Лучше всего, если ты читаешь этот текст до того, как тупые потные ребята в сером приедут за тобой, когда у тебя есть еще шанс подготовиться ко всему происходящему не только психологически, но и, так сказать, материально. Причем нет разницы — и мне в том числе, — кто ты: преуспевающий бизнесмен, простой рабочий, бандит, военный или журналист. В нашей стране подследственно-арестованным, содержащимся в следственном изоляторе (читай — тюрьме), может оказаться кто угодно. (Даже — сам можешь вспомнить недавнюю наиновейшую историю государства Российского — и.о. Генерального прокурора или министр юстиции). Так что готовься заранее, ибо жители России подразделяются на две категории: тех, кто сидит, и тех, кто готовится. Есть, правда, еще и третья — фээсбэшники и всякого рода “мусора” — милиционеры, или, как их называют в тюрьме, “красные”, которые абсолютно ошибочно полагают, что им тюрьмы избежать удастся. Опыт свидетельствует, что удается немногим. Еще они напрочь игнорируют тот факт, что лица, благополучно посаженные ими в тюрьму, когда-нибудь так же благополучно из нее выйдут. (При медленном, но все же движении к вступлению в Европейский Союз Россия-таки отменит смертную казнь!) И многим из них захочется — так, любопытства ради, — поинтересоваться, как же там и чем же там поживает его любимый следак-следователь...
Но это другая тема. Тебя она пока всерьез не касается. Тебе надо для начала собрать “майдан”. Майдан — это такая большая, желательно, крепкая сумка, в которой зеки носят из камеры в камеру, из хаты в хату, по-тюремному, свой скарб.
Я тебе в майдан вот что посоветую сложить.
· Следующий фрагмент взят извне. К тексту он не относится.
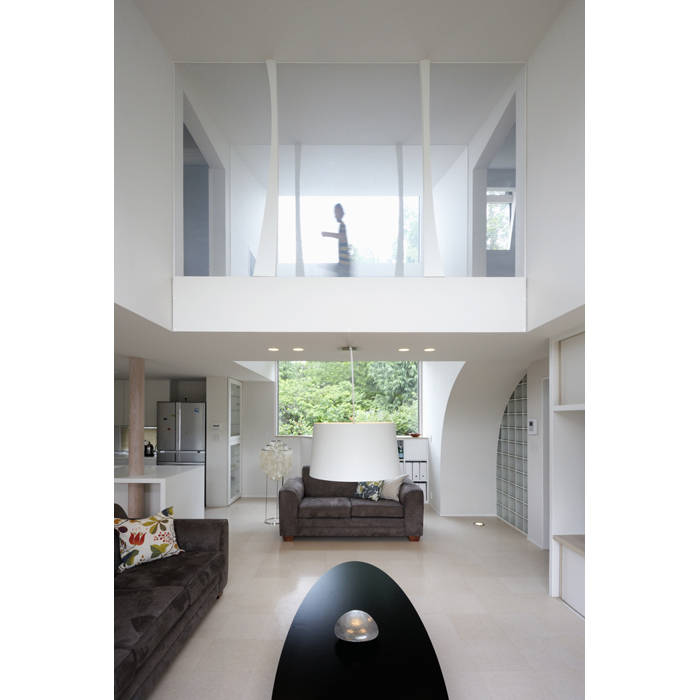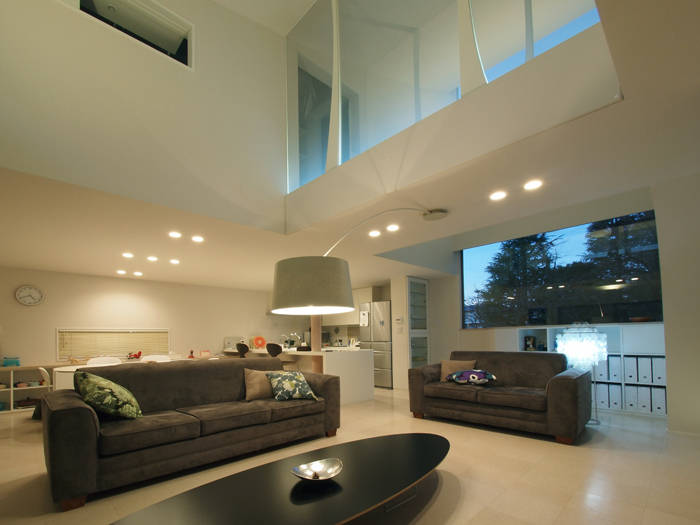 緑の風景が取り込まれたインテリアは、大きな吹き抜けを介して、家族の気配が分かるようになっています。
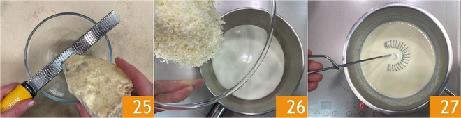 At this point, prepare the fondue: grate the castelmagno 25. In a saucepan, pour the cream and grated cheese 26, then heat over very low heat for about ten minutes until melted, stirring occasionally with a small whisk 27.
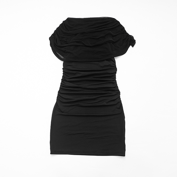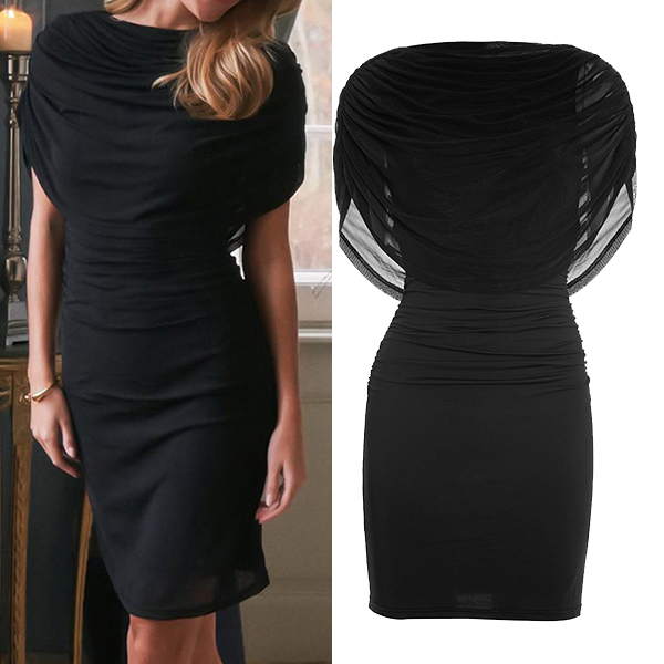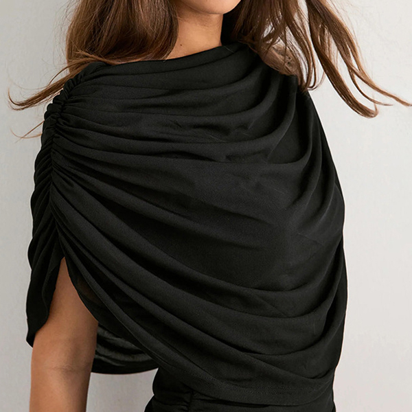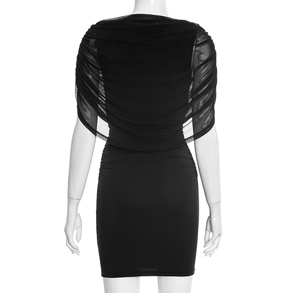 Fashion Draped Cape Crew Neck Ruched Bodycon Dress
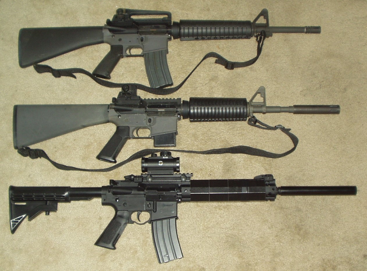 Faux Dissipator: top mid length 16inch, 2nd is a standard 20-inch rifle length pencil, bottom is a true dissipator with a rifle length system on a 16in HBAR
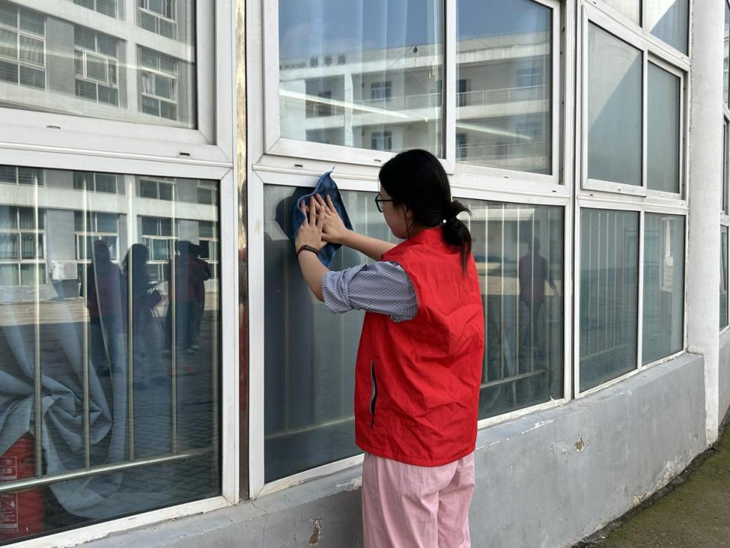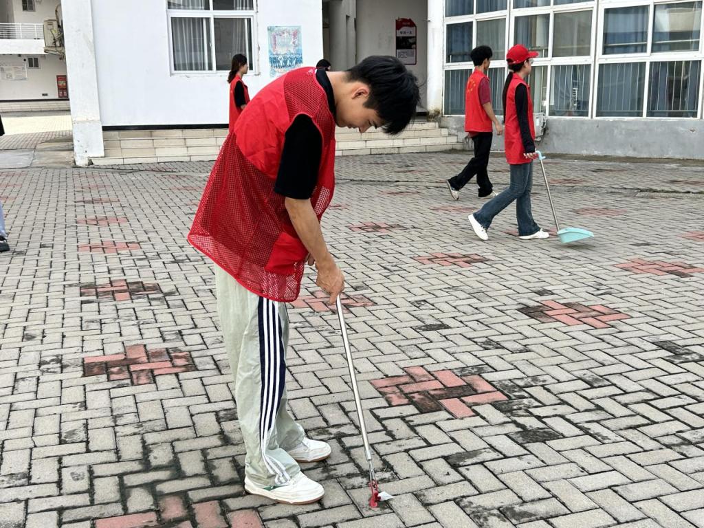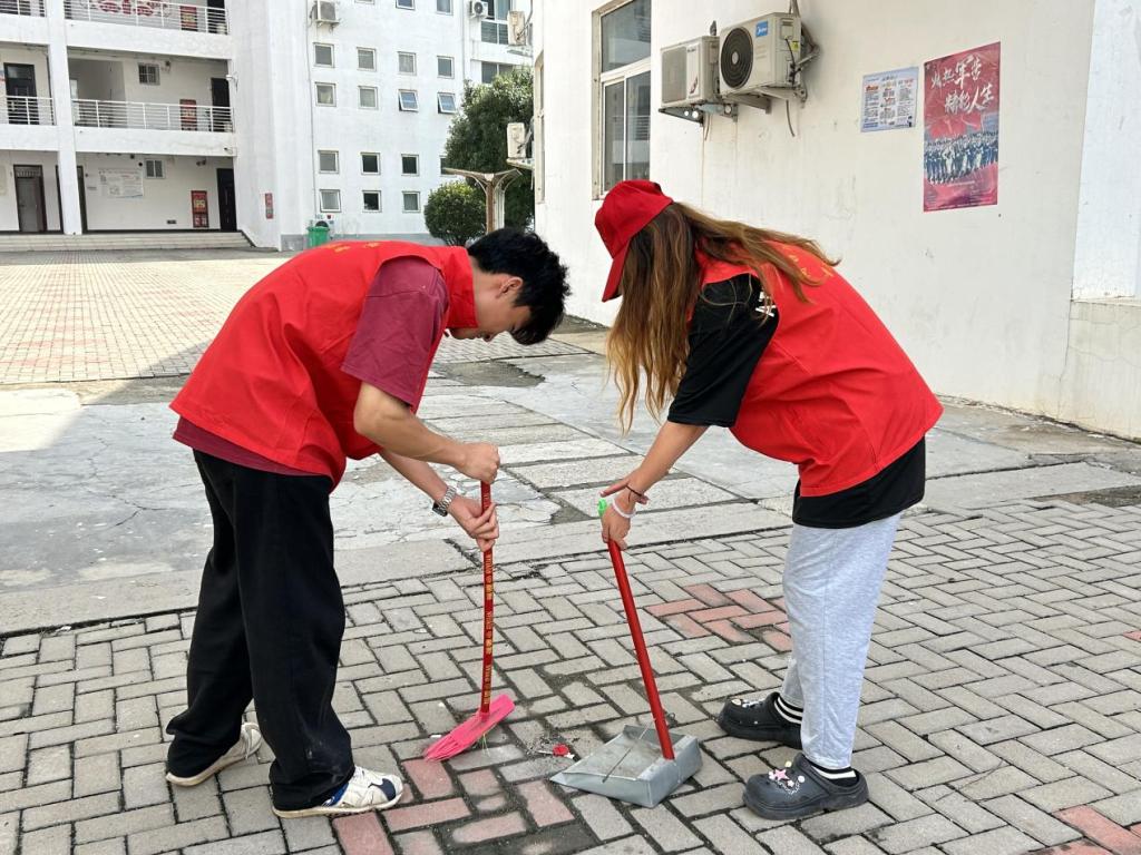 青年志愿者们头戴小红帽,身穿红马甲,精神饱满,大家带着笤帚、簸箕、抹布等工具,分组对学院各区域进行清洁。在大家齐心协力,学院环境面貌焕然一新,看到学院环境因自己的努力而大变样时,每个人的心中都洋溢着满满的成就感与喜悦。
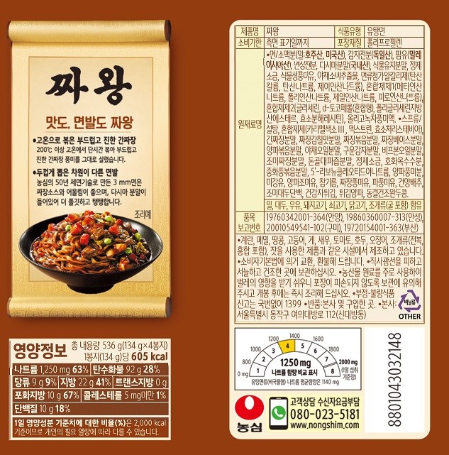 | 제품명 | 짜왕 | 식품의 유형 | 컨텐츠 참조 |
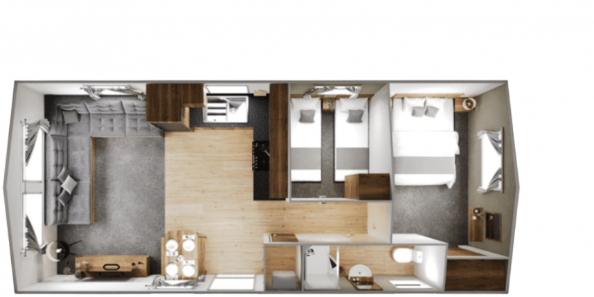 L'Ellerton a été soigneusement conçu pour optimiser l'espace disponible au sol, afin d'offrir suffisamment de place pour toute la famille. La cuisine pratique en L offre beaucoup d'espace pour cuisiner ensemble, tandis que l'espace de vie ouvert vous permet de rester en contact avec votre famille ou vos amis. Les chambres offrent tout ce dont vous avez besoin : un lit confortable et suffisamment d'espace de rangement pour vos vêtements et vos effets personnels.
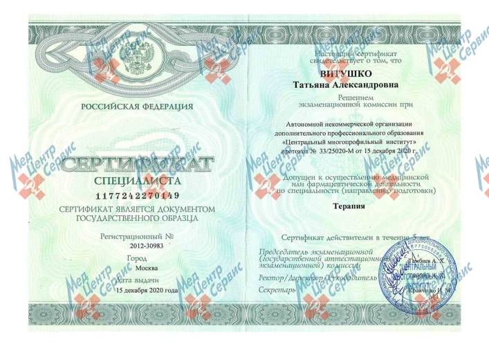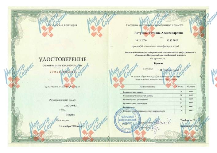| 2020 г. | Повышение квалификации по специальности «Терапия». АНО ДПО «Центральный многопрофильный институт» |

Тельняшку (майку), спортивные штаны, носки простые и шерстяные, носовые платки, простыню, наволочки, полотенце (два), одеяло, зубную щетку и пасту, мыло для умывания и хозяйственное, бритвенные принадлежности (кроме одеколона), расческу, коробок спичек, 10 пачек “Примы” (для зеков), несколько пачек блэнда, сигарет с фильтром (тебе лучше либо не курить, либо бросить), ложку, металлическую миску, кружку, иголки-нитки, бумагу для письма, тетрадки, конверты, ручку с запасными стержнями, ногтекусачку (ножницы запрещены) и что-нибудь из еды. Впрочем, из еды надо не что-нибудь, а продукты длительного и полезного использования: лук-чеснок, сало, бульонные кубики, лапша быстрого приготовления, сахар, масло, сухари (зря смеешься), чай (чем больше, тем лучше). Ну и пока все. Не забудь кипятильник. Консервы не пропустят. На первое время этого хватит, а там обживешься, освоишься и уже сам жене напишешь, что тебе надо. Да, матрац и одеяло тоже неплохо бы приготовить заранее: тюрьмы наши нищие, вряд ли тебе дадут что-нибудь стоящее.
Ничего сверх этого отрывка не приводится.